Le professeur canadien Michael Geist, qui souligne le caractère adéquat de la réforme anti-contrefaçon introduite par le législateur brésilien, la caractérise [18] [en anglais] comme une approche protectrice du droit d'auteur justement équilibrée, qui ne tombe pas dans le piège du “plus il y en a meilleur c'est”. En d'autres termes, les propositions brésiliennes reconnaissent ce que le Tribunal Suprême du Canada a déclaré il y a quelques années, que l'excès de protection est aussi préjudiciable que son insuffisance.”

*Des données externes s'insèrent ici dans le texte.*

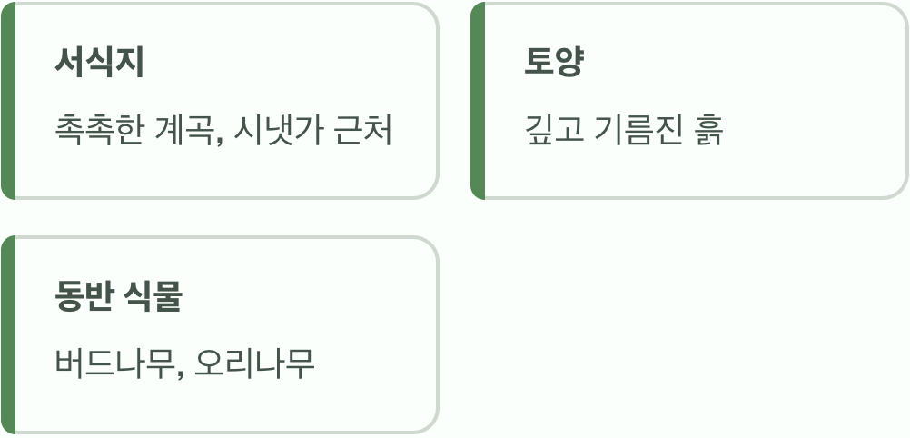 이름에 '물'자가 들어가는 것에서 알 수 있듯이, 이 나무는 물을 정말 좋아합니다. 건조하고 메마른 산등성이보다는 물기가 촉촉하게 배어있는 계곡 주변이나 시냇가 근처에서 쉽게 찾을 수 있습니다. 땅이 깊고 기름진 곳을 좋아해서 바위 틈보다는 흙이 많은 곳에 뿌리를 내립니다.

Même avec l'apparent soutien international à la réforme proposée de la loi brésilienne, il faudrait envisager de prêter plus d'attention au manque de dialogue du pays avec les instances internationales concernées, comme le souligne [8] Marilia Maciel :
“Os tratados internacionais que o Brasil assina permitem que os países signatários incluam nas suas legislações nacionais limitações e exceções para uso educacional das obras intelectuais, para facilitar o acesso das obras aos deficientes, para se digitalizar os acervos de bibliotecas, por exemplo. Isso a nossa atual lei de direito autoral não permite. O Brasil tem padrões tão rígidos de proteção à propriedade intelectual que sequer reconhece as limitações e exceções que são facultadas pelos tratados internacionais. Eu acho que seria uma mudança bastante importante, que traria um equilíbrio muito maior entre interesses conflitantes.

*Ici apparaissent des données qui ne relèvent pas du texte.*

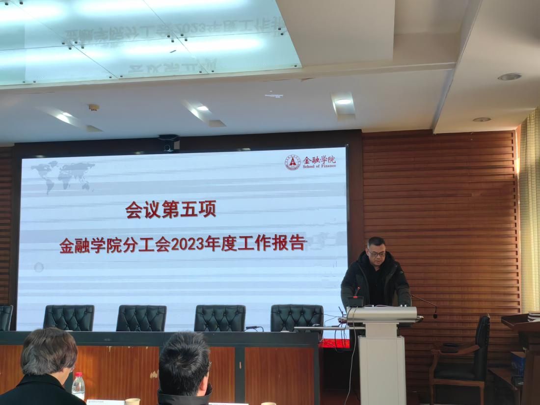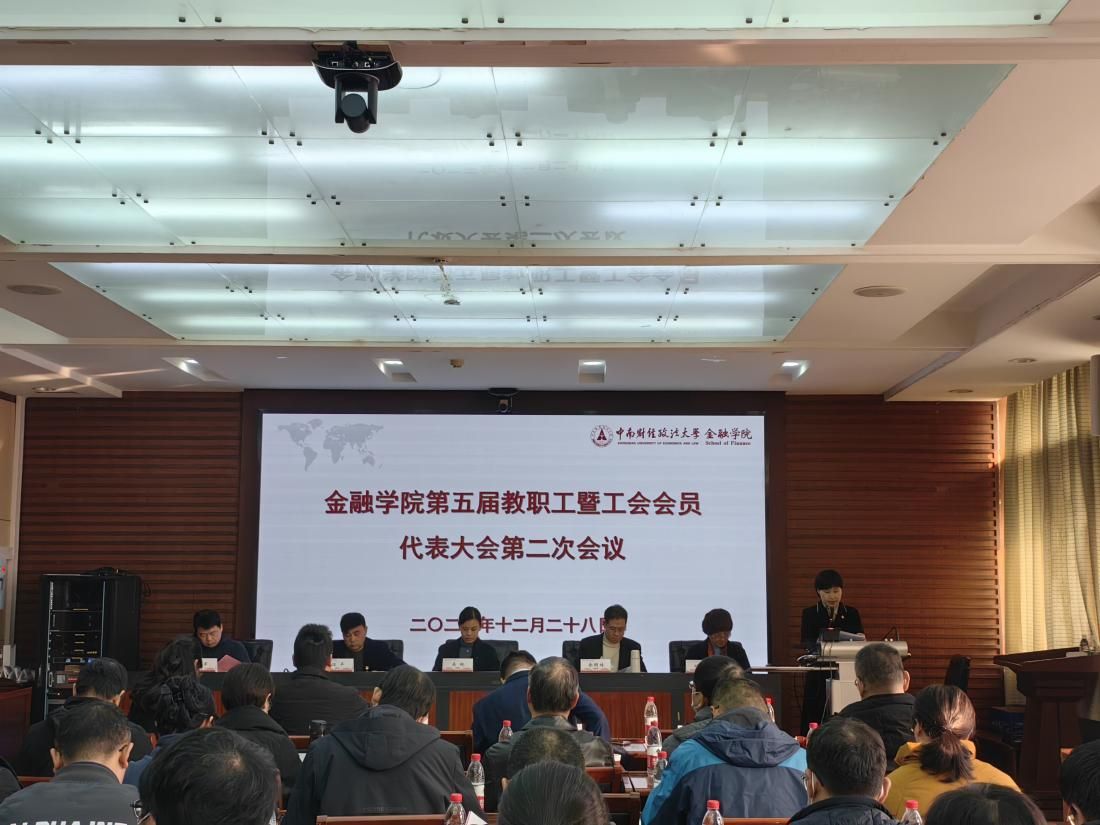 (通讯员 李 奥)2023年12月28日下午,金融学院第五届教职工代表暨工会会员代表大会第二次会议在文泉南313会议室举行。校工会副主席、妇委会副主任吴艳、校工会尤军及金融学院第五届教职工代表、全体工会会员参加大会。会议由金融学院分工会主席朱诚蕾主持。

Les traités internationaux que le Brésil signe permettent aux pays signataires d'inclure dans leurs législations nationales des limitations et des exceptions pour l'usage didactique des œuvres intellectuelles, pour faciliter l'accès aux handicapés, pour numériser les fonds des bibliothèques, par exemple. Cela, notre loi actuelle ne le permet pas. Le Brésil s'est doté de modèles de protection de la propriété intellectuelle tellement rigides qu'il ne reconnait même pas les limitations et les exceptions rendues possibles par les traités internationaux. Je crois que ce serait un changement si important, qu'il apporterait un équilibre beaucoup plus grand entre des intérêts conflictuels.
À la fin de la consultation publique, le texte sera réécrit en prenant pour base les propositions faites par le public. Aucun délai n'a été fixé pour la présentation par l'exécutif du projet au Congrès.